I need to return at most 10,000 rows for each model:

+--------------------+-------+
|               Model|  count|
+--------------------+-------+
|                 MDX|1658647|
|               ASTRO| 682657|
|           ENTOURAGE|  72622|
|             ES 300H|  80712|
|            6 SERIES| 145252|
|           GRAN FURY|   9719|
|RANGE ROVER EVOQU...|   4290|
|        LEGACY WAGON|   2070|
|        LEGACY SEDAN|    104|
|  DAKOTA CHASSIS CAB|      8|
|              CAMARO|2028678|
|                  XT|  10009|
|             DYNASTY| 171776|
|                 944|  43044|
|         F430 SPIDER|    506|
|FLEETWOOD SEVENTY...|      6|
|         MONTE CARLO|1040806|
|             LIBERTY|2415456|
|            ESCALADE| 798832|
| SIERRA 3500 CLASSIC|   9541|
+--------------------+-------+

This question is not the same because it, as others have suggested below, only retrieves rows where a value is greater than other values.
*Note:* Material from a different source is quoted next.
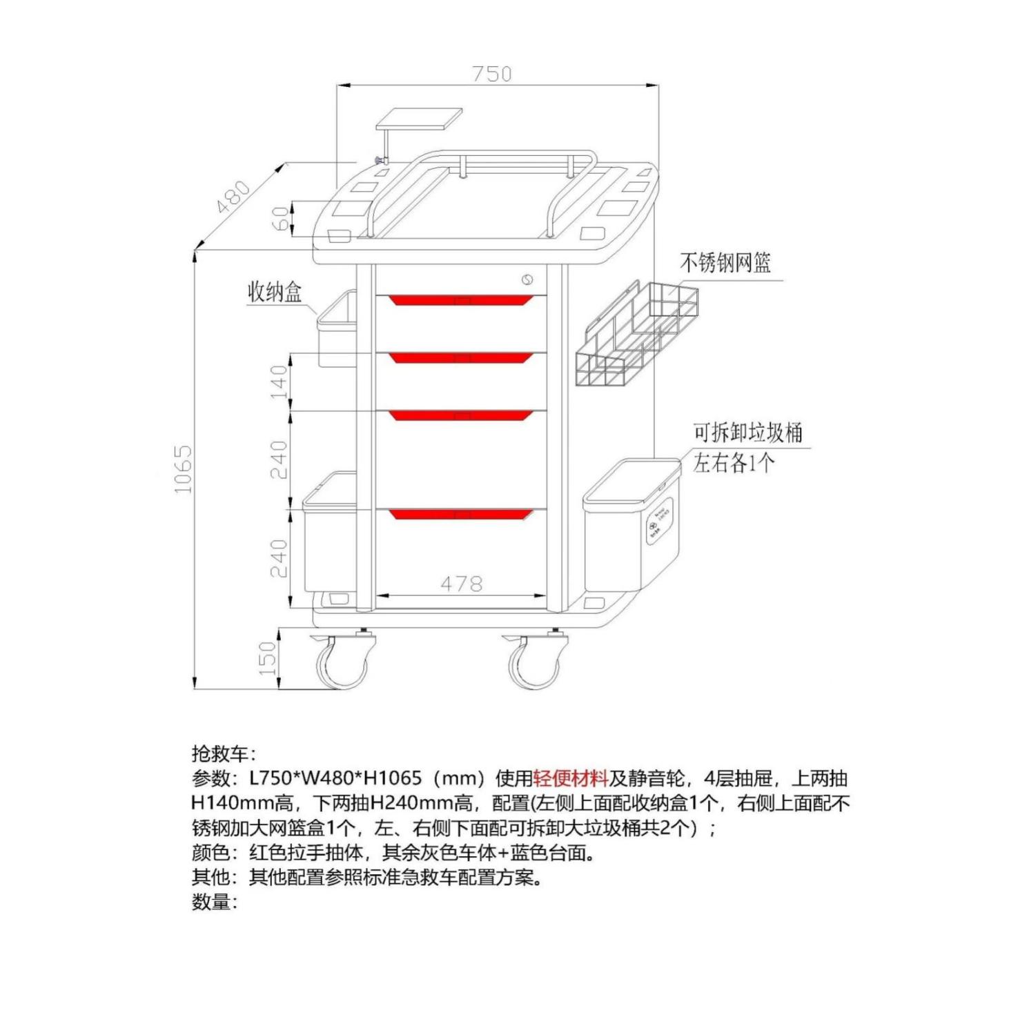 肾内科 | 抢救车(新开科室必备) | 台/套 | 2 | 0.60 | 1.20 |

I want for each value in df['Model']: limit rows for that value(model) to 10,000 if there are 10,000 or more rows (Pseudo-code obviously). In other words, if there are more than 10,000 rows, get rid of the rest, otherwise leave all rows.
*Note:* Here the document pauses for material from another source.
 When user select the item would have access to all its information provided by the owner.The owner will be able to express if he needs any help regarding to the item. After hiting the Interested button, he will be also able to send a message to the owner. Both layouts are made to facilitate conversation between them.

will distinct() not do what you need .. i dont think i understand your question. can you provide more code and data.. — Andy_101, Jan 10 '20 at 11:32
Does this answer your question? [Retrieve top n in each group of a DataFrame in pyspark](https://stackoverflow.com/questions/38397796/retrieve-top-n-in-each-group-of-a-dataframe-in-pyspark) — blackbishop, Jan 11 '20 at 11:50
A window function is one way. You could also partition by make and model then map partition with index and pass in a function that returns all rows where the index is less than 1000. — Molotch, Jan 11 '20 at 18:11
@Ravaal please explain in more detail why the posted duplicate does not answer your question. The best way would be to create a [mcve] with a small number of models and make the threshold a low number (like 3) to show exactly what the desired output is. — pault, Jan 14 '20 at 15:28
@pault I've tried to explain this so many times by now. I don't understand what is so hard to understand about this. If there are more than 10K rows for each value ONLY RETURN 10K ROWS FOR THAT VALUE. If there is less than 10K rows, RETURN ALL ROWS. This will give me a much smaller sample that I can work with. Unfortunately I don't have the ability to just go in to my instance and play with code. It is very expensive for my company... — Ravaal, Jan 14 '20 at 15:37
How is it a duplicate? The other question only returns the rows if rank <= 2. I want every row I can get for each value; not only the values that have 10K or less rows. It IS NOT a dupe. Feel free to write some code and let's find out if it is a dupe or not. Challenge accepted? — Ravaal, Jan 14 '20 at 15:45
Change rank to <= 10000 on the duplicate. It will return 10k for rows with greater than 10k samples, otherwise all rows. — pault, Jan 14 '20 at 15:47
Just as an update, that answer to the other question did not solve my problem... as I have stated numerous times already. — Ravaal, Jan 14 '20 at 21:13

score 1 · Accepted Answer · edited Jan 15 '20 at 17:43

1

I guess you should put row_number with window, orderBy, and partitionBy to query the result and then you can filter with your limit. For example, getting a random shuffle and limiting the sample to 10,000 rows per value is demonstrated by the following:

from pyspark.sql import functions as F
from pyspark.sql.window import Window

window = Window.partitionBy(df['Model']).orderBy(F.rand())
df = df.select(F.col('*'), 
               F.row_number().over(window).alias('row_number')) \
               .where(F.col('row_number') <= 10000)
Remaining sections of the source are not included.